Throughout most of our study, the peak [Ca²⁺] of transients increased with the resting [Ca²⁺], whereas the amplitude decreased. The previously observed developmental decrease of the astroglial resting [Ca²⁺] (Zheng et al., 2015) could therefore have the opposite effect on astroglial Ca²⁺ signals. However, the signaling pathways driving astroglial Ca²⁺ signals also change during postnatal development (Otsu et al., 2015, Sun et al., 2013), which could mask the effect of age-dependent resting Ca²⁺ on Ca²⁺ transients. Beyond developmental changes, physiological and pathophysiological increases and decreases of the resting [Ca²⁺] and the heterogeneity of resting [Ca²⁺] within and between astrocytes (Agarwal et al., 2017, Jackson and Robinson, 2015, Jennings et al., 2017, Kuchibhotla et al., 2009, Mehina et al., 2017, Shigetomi et al., 2011, Zheng et al., 2015) could be directly translated into corresponding increases and decreases of the peak [Ca²⁺] and changes of the [Ca²⁺] transient amplitude. As a consequence, any cellular process that is driven by astroglial Ca²⁺ increases could be directly controlled by the local resting Ca²⁺ (for review of Ca²⁺-dependent mechanisms, see Araque et al., 2014, Bazargani and Attwell, 2016, Khakh, 2019, Rusakov et al., 2014, and Verkhratsky and Nedergaard 2018). It is an intriguing possibility that astrocytes use their basal Ca²⁺ levels as a “memory trace” of local physiological events. The relationship between basal Ca²⁺ and transient Ca²⁺ signals that we have found could enable astrocytes to convert these cell “memories” into changes of Ca²⁺-dependent cellular activity.
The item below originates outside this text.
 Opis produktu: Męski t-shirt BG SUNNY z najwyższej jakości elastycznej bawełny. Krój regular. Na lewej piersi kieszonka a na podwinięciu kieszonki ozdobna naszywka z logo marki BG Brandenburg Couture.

The specific functional consequences will depend on the downstream Ca²⁺-dependent mechanism. For instance, vascular tone and blood flow are controlled by astroglial Ca²⁺ and depend on the magnitude of astroglial Ca²⁺ transients (Lind et al., 2013, Mehina et al., 2017, Mulligan and MacVicar, 2004, Petzold and Murthy, 2011). It is, however, currently not possible to predict how changes of astroglial resting [Ca²⁺] and the resulting shifts of the signal peak [Ca²⁺] affect blood flow and blood vessel diameter, because the quantitative relationship between astroglial [Ca²⁺] and, for instance, blood vessel diameter remains to be firmly determined.
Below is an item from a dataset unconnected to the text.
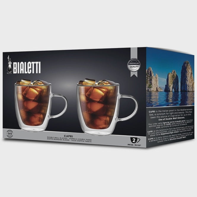 This elegant glass (set of 2) from Bialetti's Capri series is the perfect addition to your coffee or tea experience. With a capacity of 350 ml, you can enjoy a delicious large portion of your favorite beverage. The double-walled design ensures that your latte macchiato stays at the perfect temperature for longer, allowing you to savor every sip. Made from high-quality borosilicate glass, this glass is dishwasher safe and easy to clean. With its transparent color and Italian flair, this glass is a true pearl of the Mediterranean Sea. Add a touch of luxury to your coffee moments with this beautiful glass from Bialetti.

Transmitter release from astrocytes is another interesting Ca²⁺-dependent mechanism. Neuronal neurotransmitter release follows a power law dependence on [Ca²⁺] at many synapses, for example, with an exponent of ∼4 at the Calyx of Held (Schneggenburger and Neher, 2000). A moderate change of the peak [Ca²⁺] therefore results in a relatively larger change of release. In astroglia, the quantitative relationship between [Ca²⁺] and exocytosis has been less intensely studied. In microisland cultures, Ca²⁺ uncaging in astroglia evoked a neuronal current response via glutamate receptors that displayed a dependency on [Ca²⁺] with a Hill coefficient of ∼2 to 3 (Parpura and Haydon, 2000). In addition, the relationship between the rate of membrane capacitance increase after Ca²⁺ uncaging and [Ca²⁺] was approximated by a Hill-type equation with a Hill coefficient of ∼5 in cultured astrocytes (Kreft et al., 2004). Both findings indicate that a moderate increase of astroglial resting [Ca²⁺] and thus the peak [Ca²⁺] of a Ca²⁺ transient could lead to a considerable boost of astroglial transmitter release. However, the relationship between astroglial [Ca²⁺] and astroglial release of a specific transmitter in organized tissue, such as acute slices, or in vivo remains to be quantified.

STAR★Methods

Key Resources Table

REAGENT or RESOURCE	SOURCE	IDENTIFIER
Chemicals, Peptides, and Recombinant Proteins
TTX	Tocris	Cat. #1069
DHPG	Tocris	Cat. #0342/1
Phenylephrine	Sigma-Aldrich	Cat. P6126
Ryanodine	Abcam	Cat. AB120083
2-APB	Abcam	Cat. AB120124
Alexa Fluor 594 Hydrazide	ThermoFisher	A10438
Alexa Fluor 488 Hydrazide	ThermoFisher	A10436
Oregon Green 488 BAPTA-1 AM (OGB1-AM)	ThermoFisher	Cat. O6807
Oregon Green 488 BAPTA-2 (OGB2)	ThermoFisher	Cat. O6808
Diazo-2	ThermoFisher	Cat. D3034
NP-EGTA	ThermoFisher	Cat. N6802
Sulforhodamine 101 (SR101)	Sigma-Aldrich	Cat. S7635
Experimental Models: Organisms/Strains
GLASTcreERT2	Mori et al., 2006	N/A
GLASTcreER	Wang et al., 2012	N/A
GCaMP5g-IRES-tdTomato	Gee et al., 2014	N/A
Sprague Dawley	Charles River	#400
Software and Algorithms
Custom FLIM analysis scripts	This manuscript	N/A

Lead Contact and Materials Availability

Further information and requests for resources and reagents should be directed to and will be fulfilled by the Lead Contact, Christian Henneberger (christian.henneberger@uni-bonn.de). This study did not generate new unique reagents.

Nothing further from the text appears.